TASK REQUIREMENTS: Below are records with pictures in them. Transcribe everything from the line containing "冠軍聖嘉祿學校製作的雀鳥帽子也同時得最佳設計獎" down to the line containing "Fig 7. Pablo", exactly, and leave the pictures behind.

** Opening RECORDS SHOWN block **

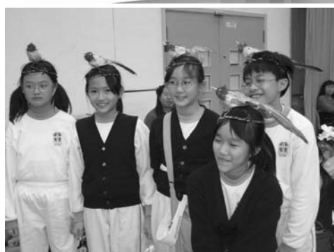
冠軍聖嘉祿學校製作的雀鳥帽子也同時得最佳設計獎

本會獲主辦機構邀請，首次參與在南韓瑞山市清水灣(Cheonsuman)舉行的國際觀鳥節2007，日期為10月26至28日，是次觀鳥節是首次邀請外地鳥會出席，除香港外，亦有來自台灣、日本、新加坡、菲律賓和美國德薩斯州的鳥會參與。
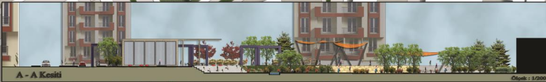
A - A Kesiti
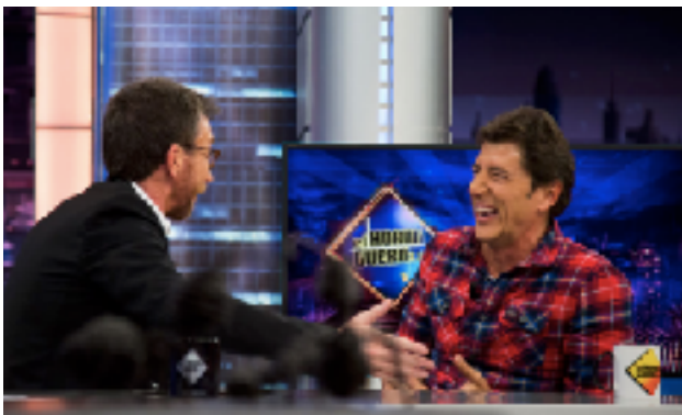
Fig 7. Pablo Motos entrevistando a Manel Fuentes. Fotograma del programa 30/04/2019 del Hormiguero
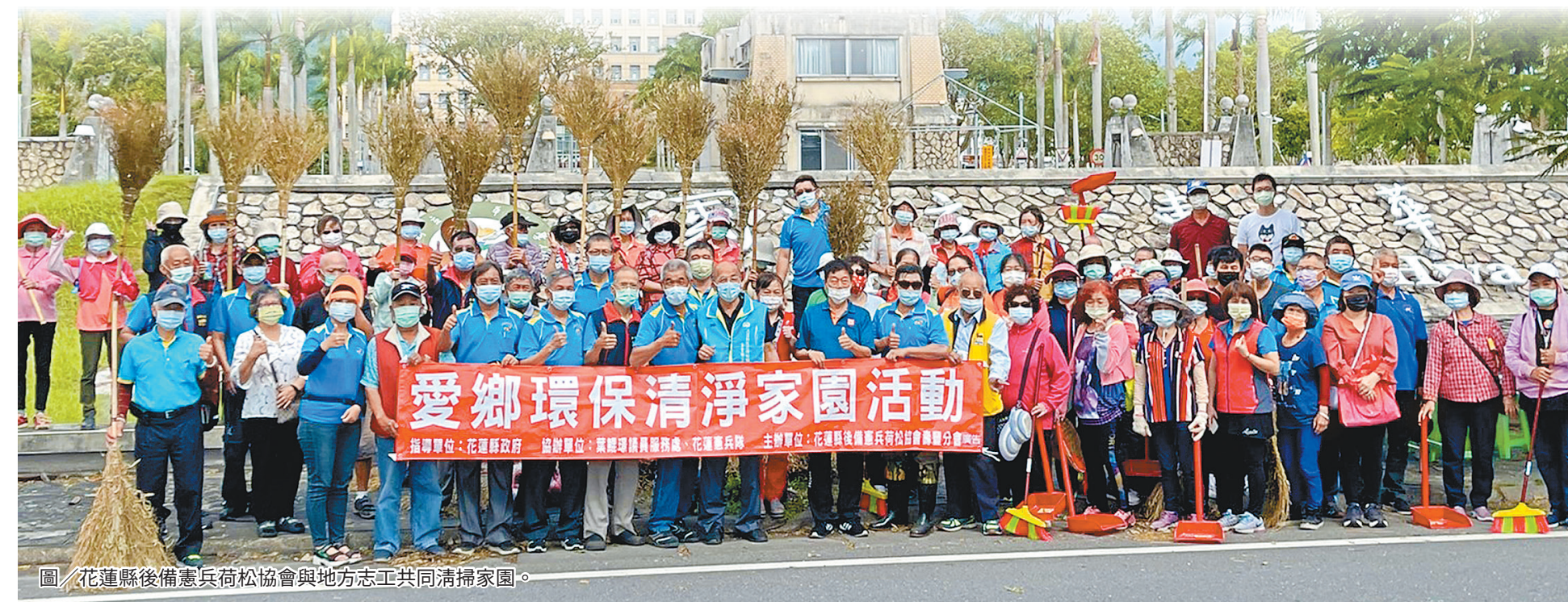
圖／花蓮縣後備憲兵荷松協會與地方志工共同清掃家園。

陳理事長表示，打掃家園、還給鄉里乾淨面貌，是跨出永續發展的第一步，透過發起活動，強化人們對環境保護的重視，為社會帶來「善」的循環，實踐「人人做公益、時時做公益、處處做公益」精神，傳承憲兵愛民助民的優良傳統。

** Closing RECORDS SHOWN block **
** Opening RECORDS SHOWN block **

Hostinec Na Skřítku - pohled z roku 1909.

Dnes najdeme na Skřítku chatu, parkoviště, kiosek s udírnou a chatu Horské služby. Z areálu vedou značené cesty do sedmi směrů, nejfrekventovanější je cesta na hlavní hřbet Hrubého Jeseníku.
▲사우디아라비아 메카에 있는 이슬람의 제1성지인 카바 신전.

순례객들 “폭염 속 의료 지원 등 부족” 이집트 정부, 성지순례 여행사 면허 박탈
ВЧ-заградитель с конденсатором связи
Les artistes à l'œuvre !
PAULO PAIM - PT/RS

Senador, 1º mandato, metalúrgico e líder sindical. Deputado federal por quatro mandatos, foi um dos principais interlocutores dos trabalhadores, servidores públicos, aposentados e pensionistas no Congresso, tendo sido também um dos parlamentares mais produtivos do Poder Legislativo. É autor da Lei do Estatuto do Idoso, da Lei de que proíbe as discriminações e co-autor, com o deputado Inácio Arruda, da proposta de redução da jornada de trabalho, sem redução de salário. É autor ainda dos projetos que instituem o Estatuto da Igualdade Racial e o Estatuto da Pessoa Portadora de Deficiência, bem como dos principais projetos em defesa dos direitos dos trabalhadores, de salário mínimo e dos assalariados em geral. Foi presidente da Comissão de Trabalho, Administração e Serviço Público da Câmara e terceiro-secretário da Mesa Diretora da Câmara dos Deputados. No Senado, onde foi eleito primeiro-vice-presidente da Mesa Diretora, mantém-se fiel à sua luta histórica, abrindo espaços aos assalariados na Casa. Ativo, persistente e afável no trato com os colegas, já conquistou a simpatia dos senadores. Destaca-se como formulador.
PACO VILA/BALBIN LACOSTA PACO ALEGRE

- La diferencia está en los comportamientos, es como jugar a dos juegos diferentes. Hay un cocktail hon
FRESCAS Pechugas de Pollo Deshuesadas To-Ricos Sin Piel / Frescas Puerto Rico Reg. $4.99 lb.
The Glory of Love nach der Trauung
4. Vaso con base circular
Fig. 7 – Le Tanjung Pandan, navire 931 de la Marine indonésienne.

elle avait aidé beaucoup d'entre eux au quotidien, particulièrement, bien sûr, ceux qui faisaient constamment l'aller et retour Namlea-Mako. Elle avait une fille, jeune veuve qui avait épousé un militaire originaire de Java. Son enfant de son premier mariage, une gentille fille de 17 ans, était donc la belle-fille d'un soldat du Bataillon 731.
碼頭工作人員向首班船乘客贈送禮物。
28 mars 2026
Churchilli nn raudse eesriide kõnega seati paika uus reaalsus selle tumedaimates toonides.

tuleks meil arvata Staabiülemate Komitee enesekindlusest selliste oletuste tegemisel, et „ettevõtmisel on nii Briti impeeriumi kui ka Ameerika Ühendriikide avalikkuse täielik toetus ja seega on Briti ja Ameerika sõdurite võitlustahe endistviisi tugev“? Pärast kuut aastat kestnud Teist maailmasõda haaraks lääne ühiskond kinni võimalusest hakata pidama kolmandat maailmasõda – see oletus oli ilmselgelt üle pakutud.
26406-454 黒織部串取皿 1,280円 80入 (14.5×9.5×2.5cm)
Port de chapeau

** Closing RECORDS SHOWN block **
** Opening RECORDS SHOWN block **

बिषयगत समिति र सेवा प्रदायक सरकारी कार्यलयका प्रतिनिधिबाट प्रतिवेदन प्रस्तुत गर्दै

** Closing RECORDS SHOWN block **

FINISHED TASK:
冠軍聖嘉祿學校製作的雀鳥帽子也同時得最佳設計獎

本會獲主辦機構邀請，首次參與在南韓瑞山市清水灣(Cheonsuman)舉行的國際觀鳥節2007，日期為10月26至28日，是次觀鳥節是首次邀請外地鳥會出席，除香港外，亦有來自台灣、日本、新加坡、菲律賓和美國德薩斯州的鳥會參與。
A - A Kesiti
Fig 7. Pablo Motos entrevistando a Manel Fuentes. Fotograma del programa 30/04/2019 del Hormiguero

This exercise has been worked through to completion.